Non vi è, infatti, alcun dubbio che l'esercito romano avesse anni, o per lo meno proietti di tipo incendiario, e che ne facesse sistematico impiego sia ne gli investimenti ossidionali, sia in scontri campali, sia soprattutto nella guerra navale. Miscele incendiarie di varia potenzialità e violenza ne esistevano quindi numerose; molto meno noti , invece, i metodi usati per il loro innesco e per evitarne un troppo facile spegnimento. 11 che indurrebbe a una più ampia ricerca, relativa ai probabili catalizzatori della reazione di ossidazione.
In parole povere, estendere l'indagine agli esaltatori della combustione, capaci non solo di velocizzarla ma anche di consentirla negli ambiti fisici altrimenti ostativi. Tra questi, in particolare, suU 'acqua o sott'acqua: fiamme perciò capaci di bruciare anche se abbondantemente cosparse di acqua o addirittura immerse! Di queste ultime, si sa di un curioso esempio tramandatoci da Livio, che lo accenna, senza la benché minima meraviglia, in un rito orgiastico del 186 a.C. Così il brano:" matronas Bac harum habitu crinibus sparsis cum ardentis.facibus dec urre ad nherim , demissasque i11 aquam Jètces , quia uiuum sulpurcum calce insit, integraflamma efferre ... ". 7l gavc origin to a senale consult on the Bacchanals and consequent severe monitoring of the Bacchic mysterics. al ready widcspread by the priestess Annia Pacula in Campania and in Etruria - took piace as fol lows. ln the middle of the night, numerous matrons who were more or less possessed, or more likcly drunk, went to the shores of the Tiber and therein immerged special torchcs impregnateci with lime and sulphur, retrieving them aflame. Either the torches were already ignited prior to the immersion or lhey became so as a consequence of the imme r sion, with the water acting as the ignition factor promoting oxidation, as will later be said of Greekfire!
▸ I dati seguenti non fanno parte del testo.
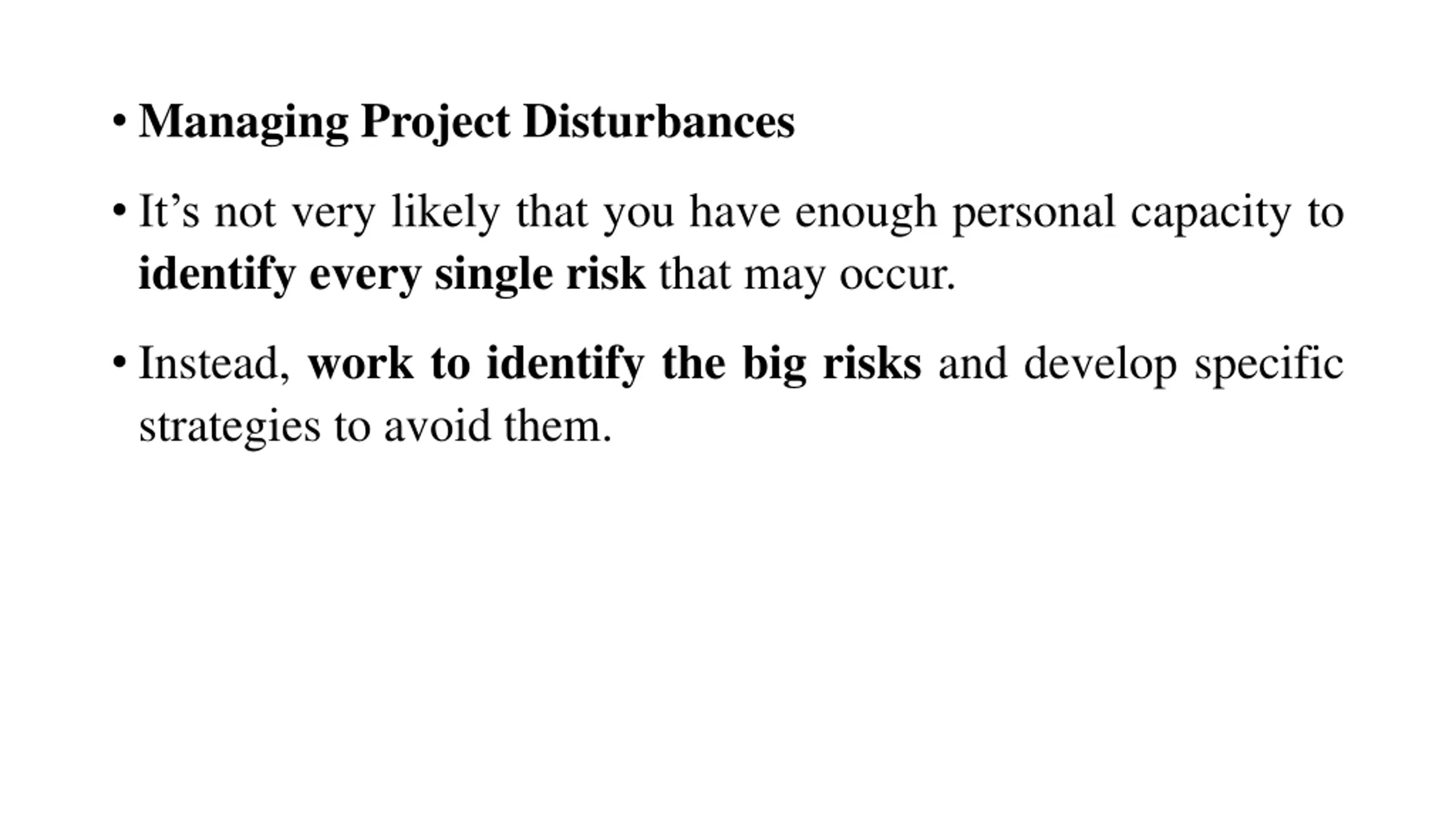 Managing Project Disturbances It s not very likely that you have enough personal capacity to identify every single risk that may occur. Instead, work to identify the big risks and develop specific strategies to avoid them.
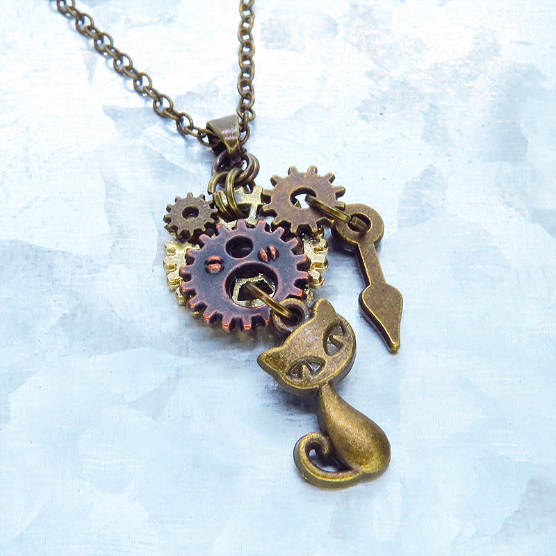 - アンティークゴールド スチームパンク風 猫と歯車のコンパクトなペンダントネックレス 長さ調整可 アジャスター可
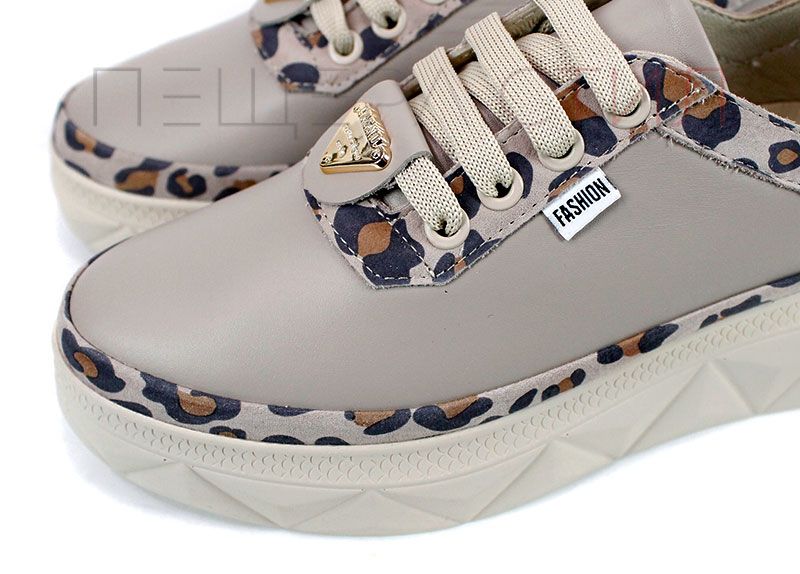 Дамски спортни обувки от естествена кожа в цвят визон и кантове с леопардов принт – модел Urban Motion
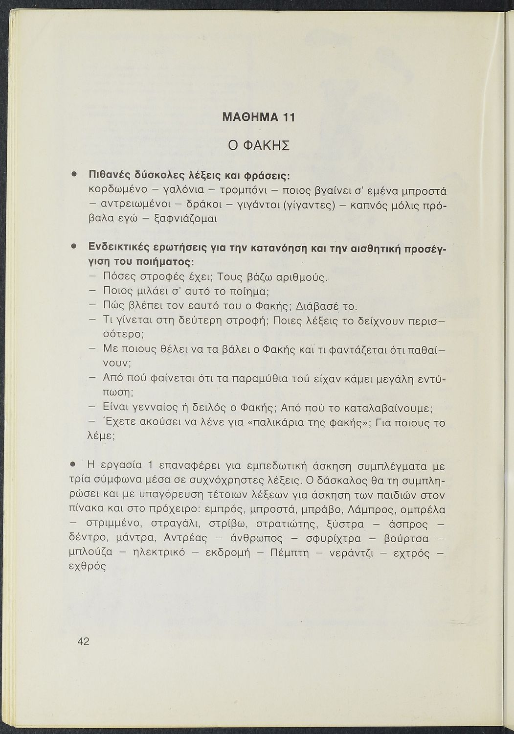 Παιδαγωγικό βοήθημα Γλώσσας για τον δάσκαλο. Περιέχει πεζά και ποιήματα Ελλήνων λογοτεχνών για την εκμάθηση της Ελληνικής γλώσσας.
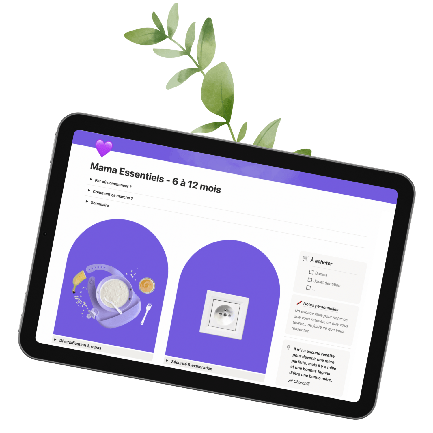 Le Kit Mama Essentiels est hébergé sur Notion, un espace d’organisation simple et intuitif (et 100 % gratuit).
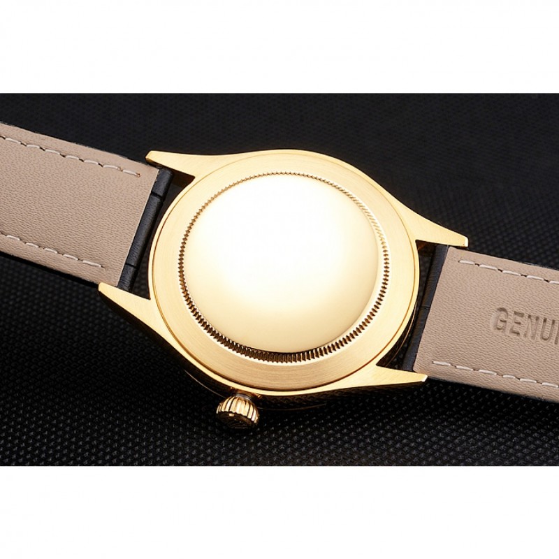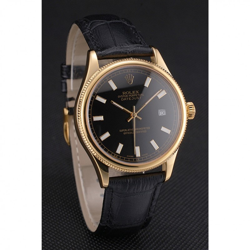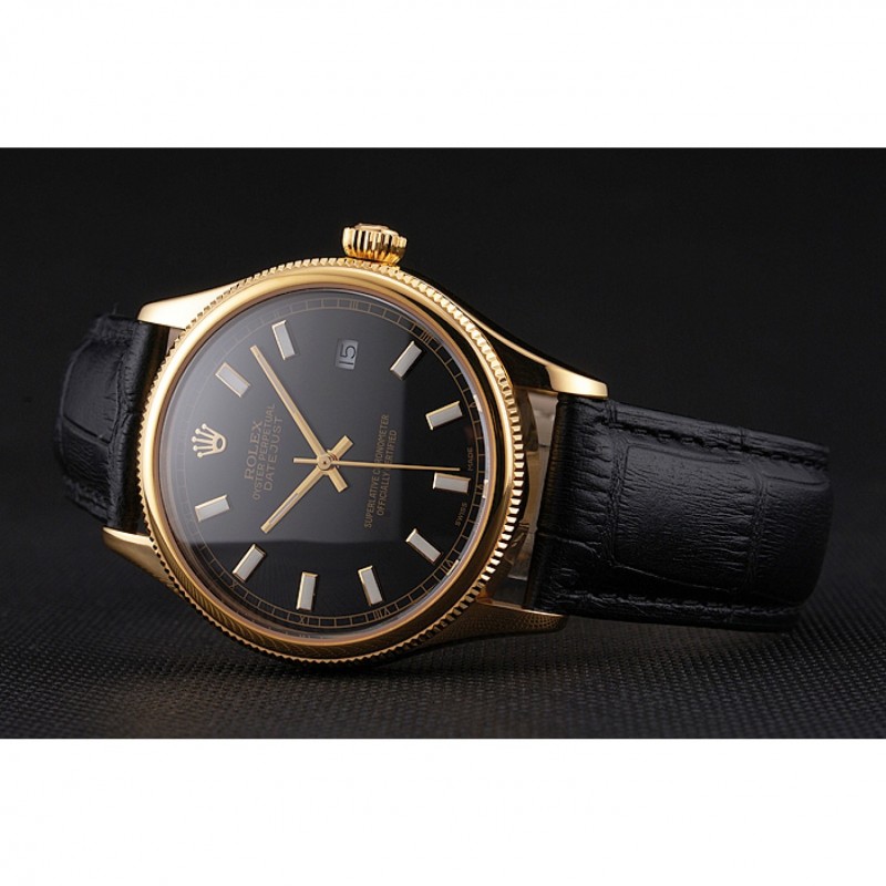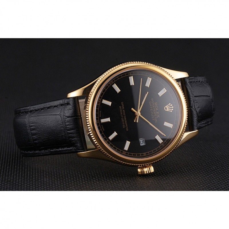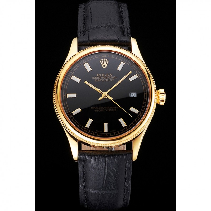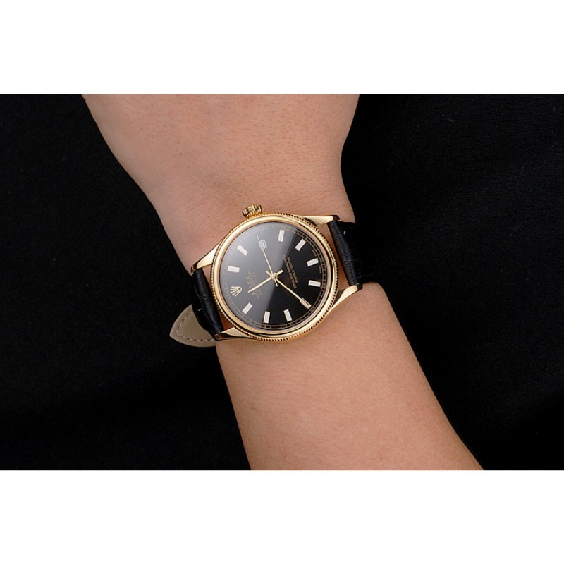 Bracciale:Rolex e il logo di calore impresso cinturino in pelle/coccodrillo nero con Rolex logo intagliato oro giallo 18 carati placcato catenaccio del gancio-fibbia
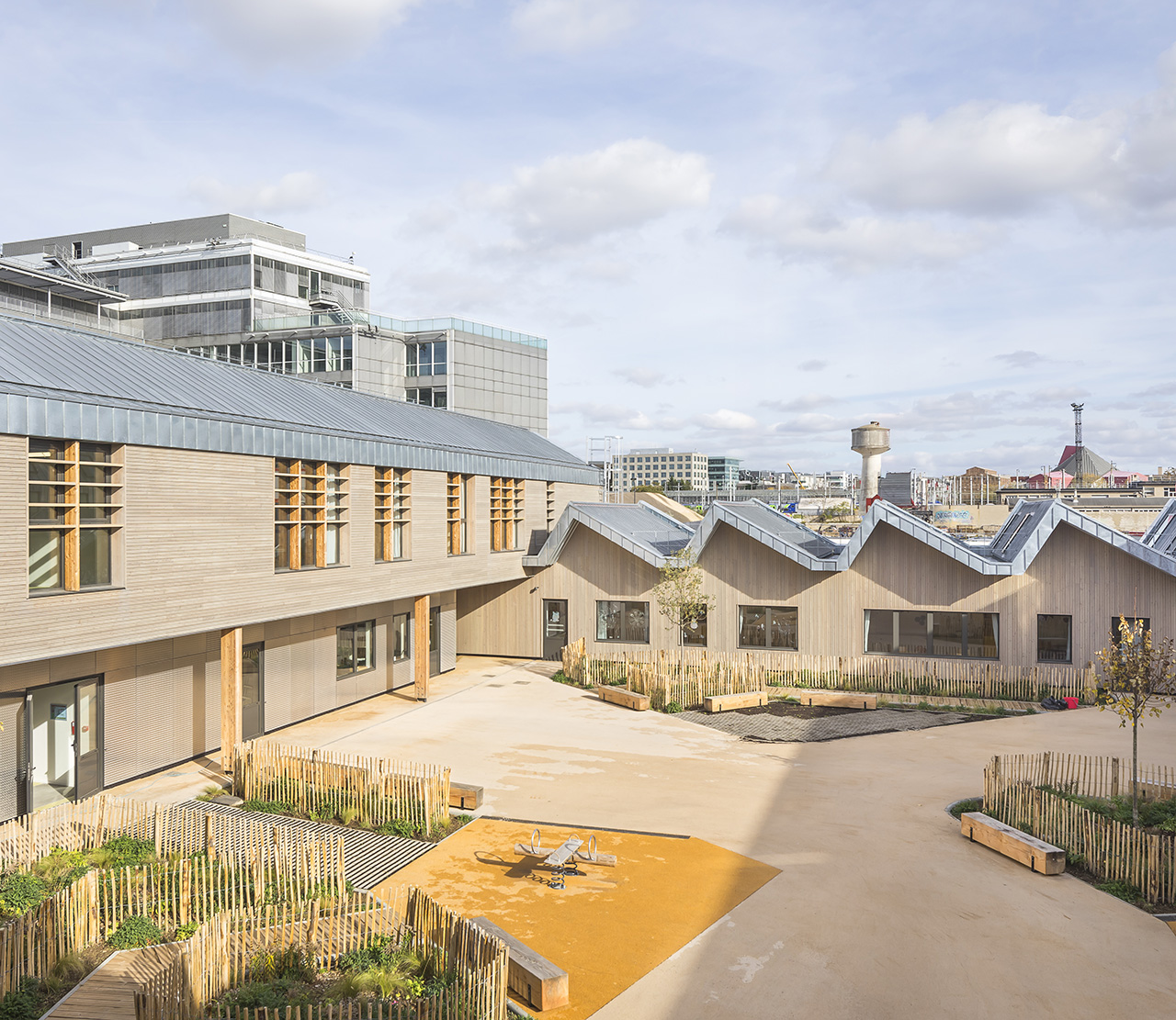 The environmental approach is multi-criteria. It determines functional choices, materials, the passive approach and the educational aspect dedicated to children. By allowing for modularity, and therefore mutability, the building increases its lifespan, its suitability for use and its long-term usefulness.
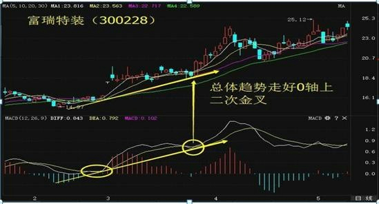 上图是富瑞特装(300228)2015年2月到5月份的走势图,该股票总体趋势走好,均线多头向上,经过3月上旬横盘调整,在3月26号MACD二次金叉现入场信号后急速拉升一路走高。
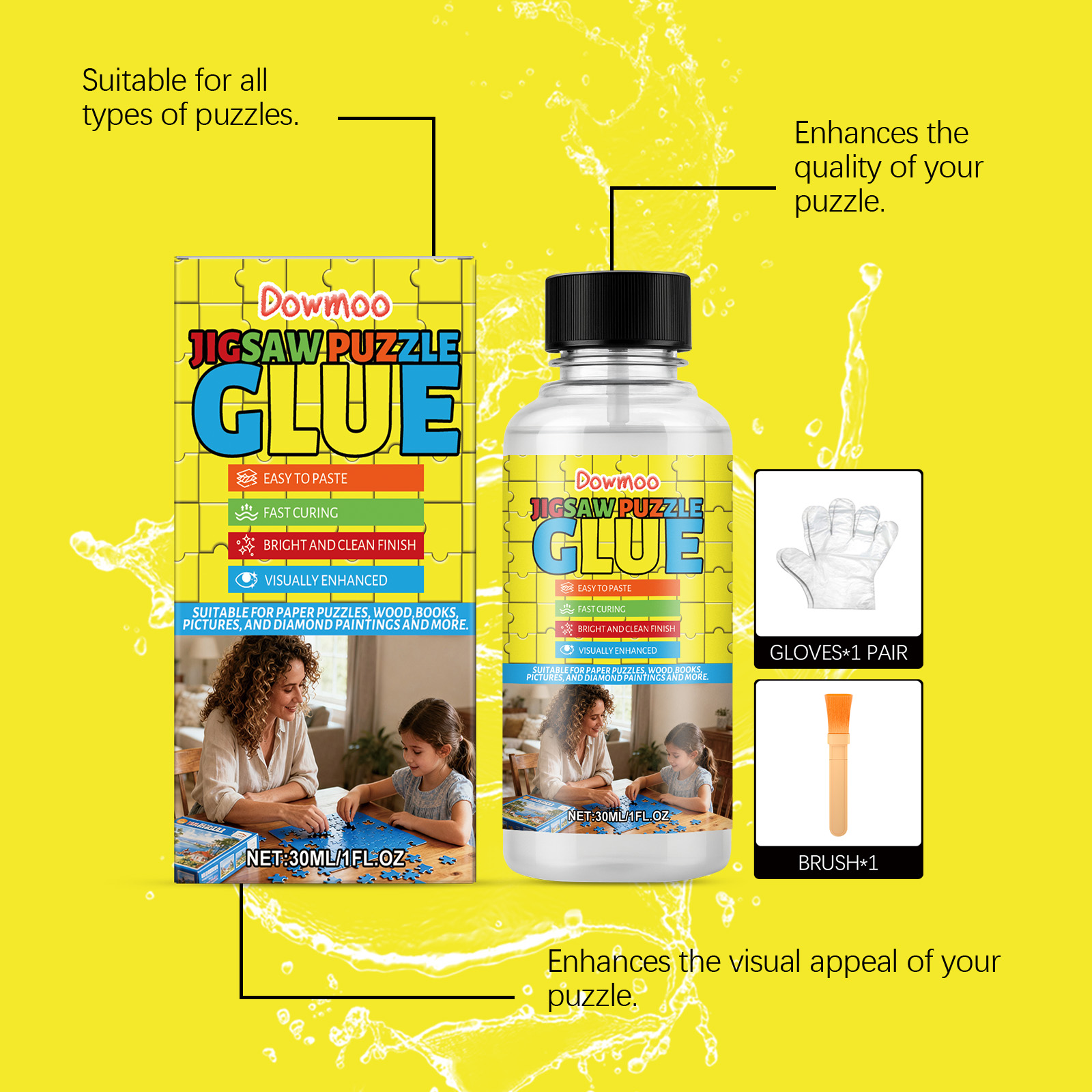 Dowmoo Jigsaw Puzzle Glue Set, Diy Jigsaw Puzzle Transparent Bonding, Convenient Glue For Office And Home Daily Use
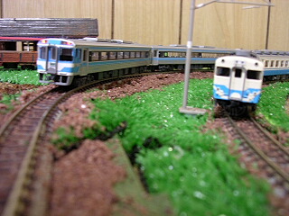 キハ32がいい感じのローカル線♪ 四国物対決で7000系電車のローカル線らしい。 うちのバラストはこんな感じですねぇ。 ちなみにこれは、TOMIXレールにKATOバラスト。 >こうたさん 洗剤は台所用中性洗剤ですぅ。 界面活性剤を放り込めれば何でもいいんだけど。 建物に角材系入れるのは丈夫になっていいですよねぇ。 うちの場合、ペーパー自作車両にも角材入ってるっぽいですぅ。 あと、接着中の仮固定用に、そこら中のおもしになりそうなもの使うし(愚)。 |
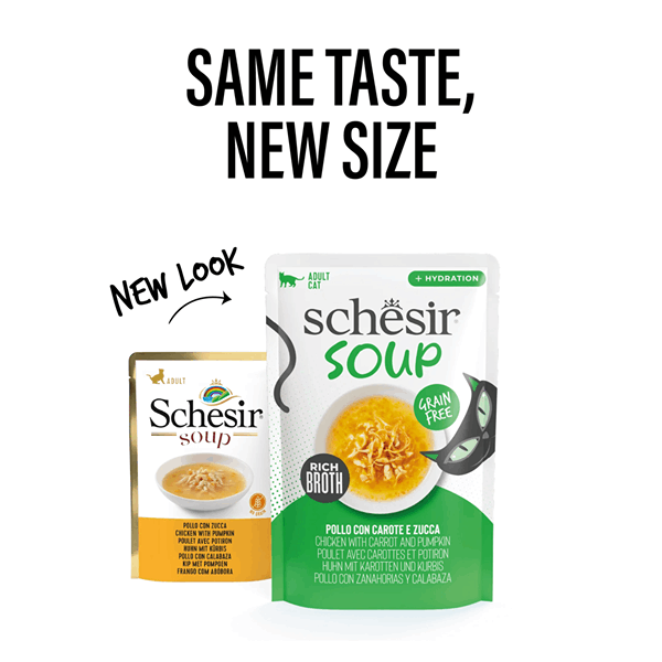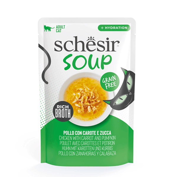 سوپ گربه شسیر طعم مرغ، هویج و کدو حلوایی Schesir cat soup chicken, carrot & pumpkin in broth وزن 40 گرم
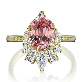Inspired by the Greek goddess of archery, the large Artemis makes a unique engagement ring or treat-yourself gift. Featuring a Chatham™ lab-grown pear peach-champagne sapphire, accented by conflict-free lab-grown diamonds.
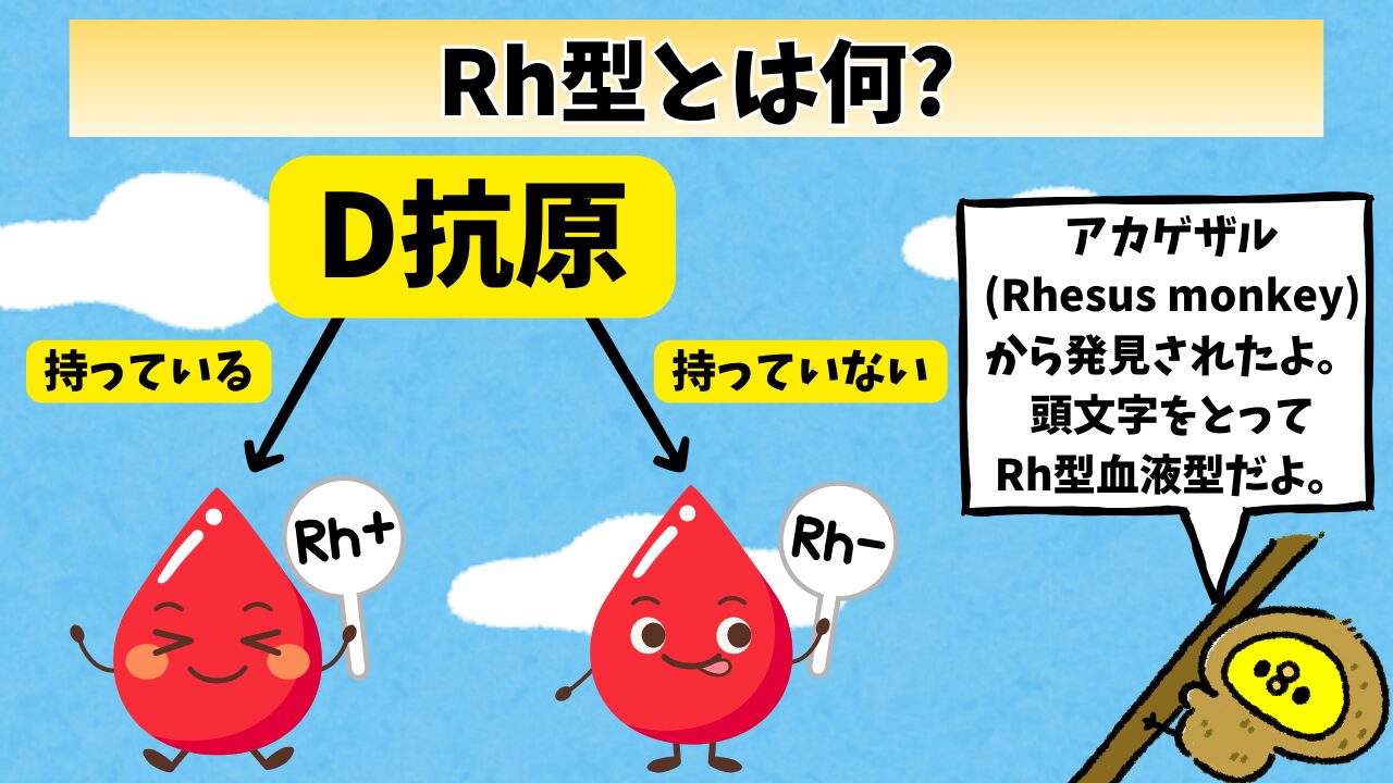 さっきもちょっと話したけど、Rh型は赤血球の表面にD抗原があるかどうかで決まる。
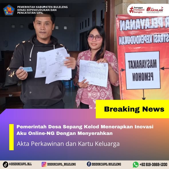 Pemerintah Kabupaten Buleleng melalui Dinas Kependudukan dan Pecatatan Sipil (Disdukcapil) Kabupaten Buleleng memaksimalkan serta mempermudah pelayanan kependudukan masyarakat dengan beberapa inovasi, melalui aplikasi AKU Online. Dimana dalam penerapan aplikasi Aku Online tersebut masyarakat tidak perlu lagi datang ke Dinas Dukcapil untuk melakukan pelayanan langsung cukup dengan datang ke Desa nanti akan dibantu oleh operator Desa masing-masing. Di Desa Sepang Kelod Kecamatan Busungbiu telah diserahkan dokumen kependudukan berupa Akta Perkawinan, KTP dan Kartu Keluarga yang diserahkan oleh Operator Desa, bertempat di Kantor Perbekel Desa Sepang Kelod, Kecamatan Busungbiu, Selasa (16/12).

Dunque stando alla citazione. l'episodio-che per inciso diede 01igine ad un senatoconsulto sui Baccanali dal quale scaturì un severissimo contro l lo de i misteri bacchici, già ampiamente diffusi ad opera della sacerdotessa Annia Pacu la in Campania ed in Etruria - aveva questo svolg imento . Nel cuore della notte, numerose matrone più o meno invasate. o molto più probabilmente ubriache, raggiunta la riva del Tevere immergevano nel la sua acqua delle singolari lorcc impregnate di calce e zolfo, e le ritraevano fiammanti. Dal che delle due l'una: o le torce erano già accese prima dell'immersione o lo divenivano in conseguenza della stessa, agendo l'acqua da innesco della reazione di ossidazione, come più tardi si dirà del.fuoco greco!
In entrambi i casi il fenomeno non può ascriversi alla semplice presenza di zolfo e calce viva ma implica reagenti più sofisticati, g l i stessi che andranno a far parte appun to del fuoco greco e, verosimilmente, ancora prima di giochi pirotecnici del tipo della candela romana. Sensato supporre che alcuni decenni dopo i Romani disponessero di l iquidi pirofori per uso bellico di notevole efficacia.
In both cases the phe nomenon cannot be anributed to the simple presence of sulphur and quicklime, but imp l ies more sophisticated reagents, the same that wiJI later be used in Greek fire and, even before that, for the pyrotechnical effects of the Roman candle. Logica! to suppose that a few decades later the Romans would bave highly effective pyrophoric liquids to use in warfare.